Given that the film covers Ip Man’s life from the 1930s to the 1950s, and as if to convey to the audience that these were the “Golden” eras, Wong makes every frame look as if it’s dipped in gold. Be it a high-class brothel or a nearly empty train station, Wong puts his characters in lush and ornate settings for the most part and dresses them in fine vintage attire. There is one scene towards the end where Tony Leung appears in a suit and a tie, and it instantly reminded me of his character from In the Mood for Love – a writer of martial arts stories – and I wondered if those stories looked like this film.
Those looking for a full on martial arts film – like the other Ip Man films that have come out – will be hugely disappointed. This is as much a poetic existential drama as it is a martial arts film. There is an equal priority given to both. There are ample doses of love, yearning, and introspection. And it is as much a story about Gong Er as it is about Ip Man. Without her story, Ip Man’s story would feel incomplete. (I think she is a fictional character created by Wong to add dramatic weight.) And just like many Wong Kar-wai protagonists, Ip Man is also a character who spent most of his life in solitude despite having a family in the beginning of his life.

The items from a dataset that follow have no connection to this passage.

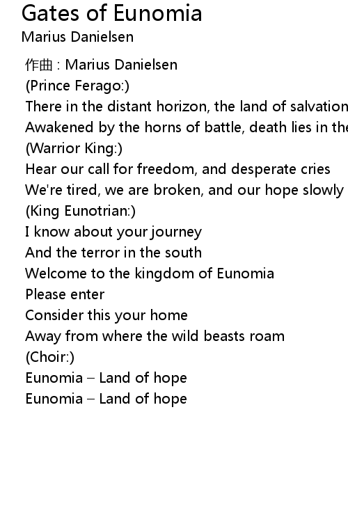 | [01:28.086] | Welcome to the kingdom of Eunomia |
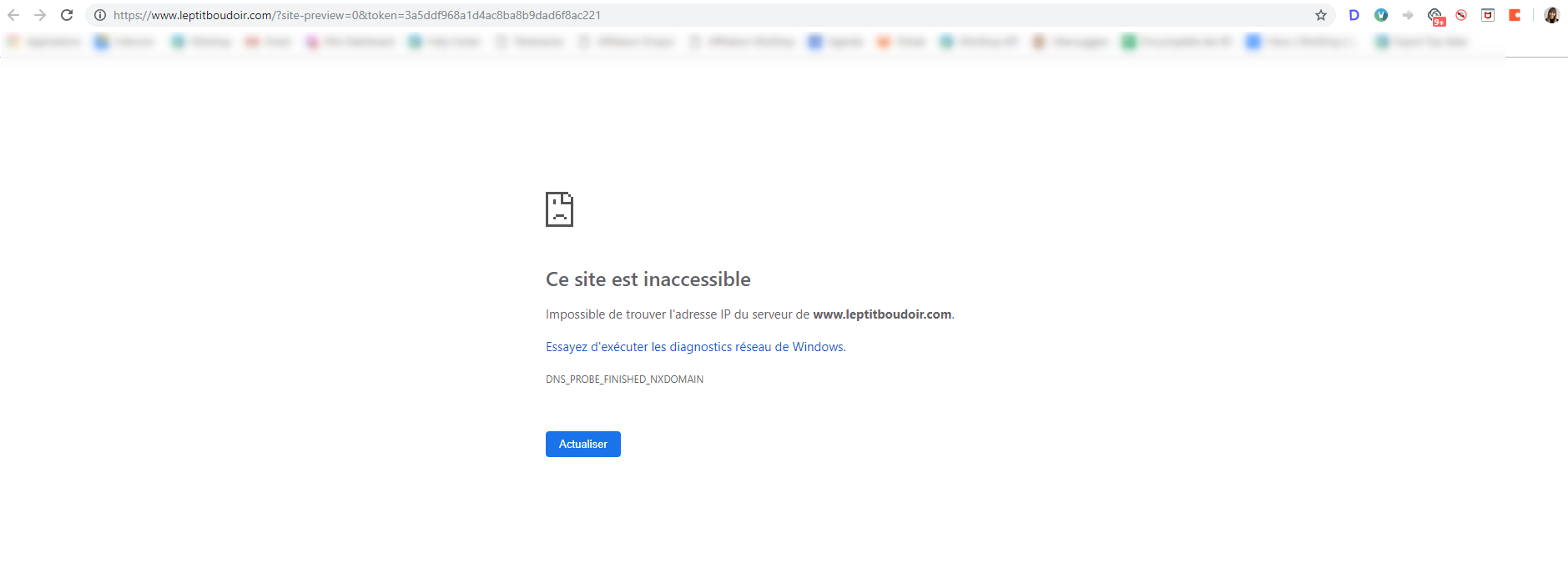 Lorsque vous commandez ou configurez un nom de domaine sur votre site, cela peut prendre entre 24 et 48 heures avant qu'il ne s'active. Rassurez-vous, c'est normal. Durant cette période d'activation, en cliquant sur "Voir mon site" en haut à droite de votre espace d'administration, vous verrez une page de ce type :
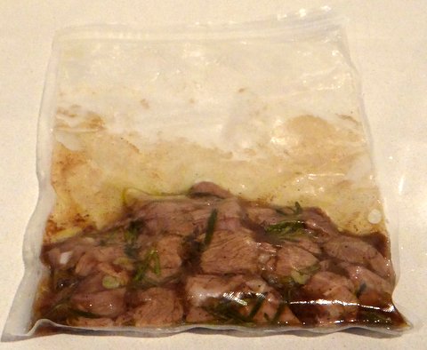 If you do have sous-vide equipment, there is no need to let it marinate and you can just cook it sous-vide straight away. Put the meat with the marinade in a ziploc pouch and remove most of the air by submerging it and sealing tight. Now cook sous-vide for 1 hour at 39C/102F, 1 hour at 49C/120F and 2 hours at 57C/135F. The first two hours are for ‘warm aging‘ the meat and will make it very tender. You can BBQ the meat right after it comes out the sous-vide (let it cool slightly to prevent overcooking) or cool the bag in ice water and refrigerate until the coals are hot.
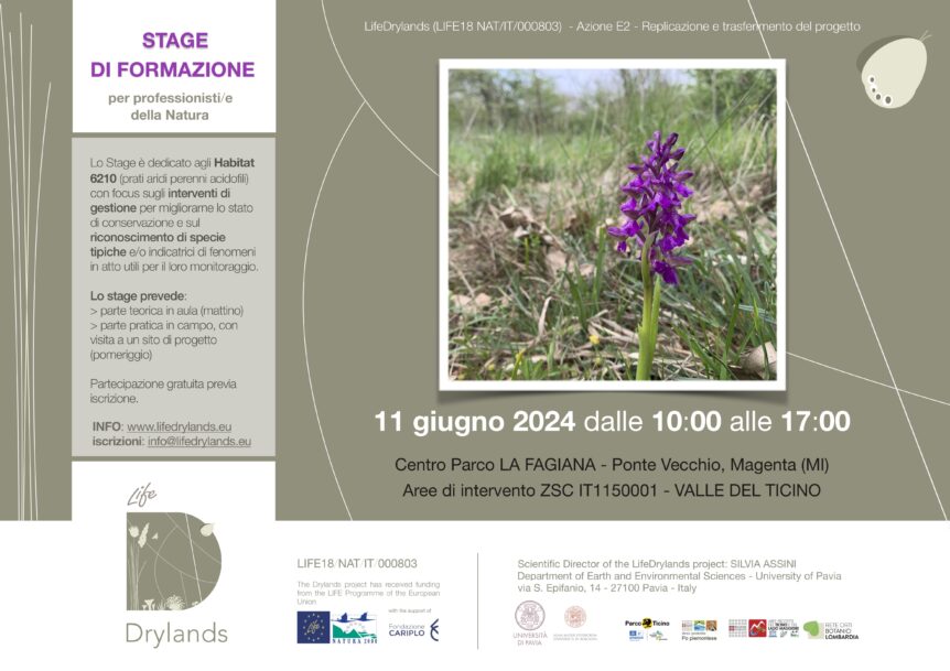 Per scoprire da vicino l’Habitat della Prateria arida (H6210 – Prati aridi perenni acidofili), imparare a riconoscere le specie tipiche e/o indicatrici di fenomeni in atto utili per il monitoraggio, conoscere quali sono gli interventi di gestione per migliorare lo stato di conservazione degli Habitat.
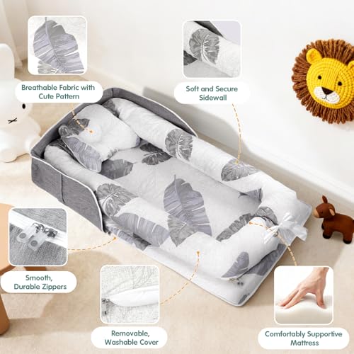 - PORTABLE & COMPACT TODDLER TRAVEL BED:Weighing just 3 lbs,this portable baby nest folds in seconds into a compact size (33.4''x17.1'' when unfolded) for on-the-go convenience. Perfect for holidays, picnics, or visits to grandparents, it includes an adjustable shoulder strap and storage pockets. Use it as a portable baby lounger indoors or outdoors—your little one’s home-comfort companion wherever you roam.

This time French cinematographer Philippe Le Sourd, who had worked on Ridley Scott’s A Good Year prior to this, replaced Wong’s usual collaborator Christopher Doyle. His work on this film combines the best of legendary cinematographers Conrad Hall and Roger Deakins. The use of different frame rates in some portions lends the film a surreal quality at times. I felt the influence of Ennio Morricone’s score from Cinema Paradiso in the background score.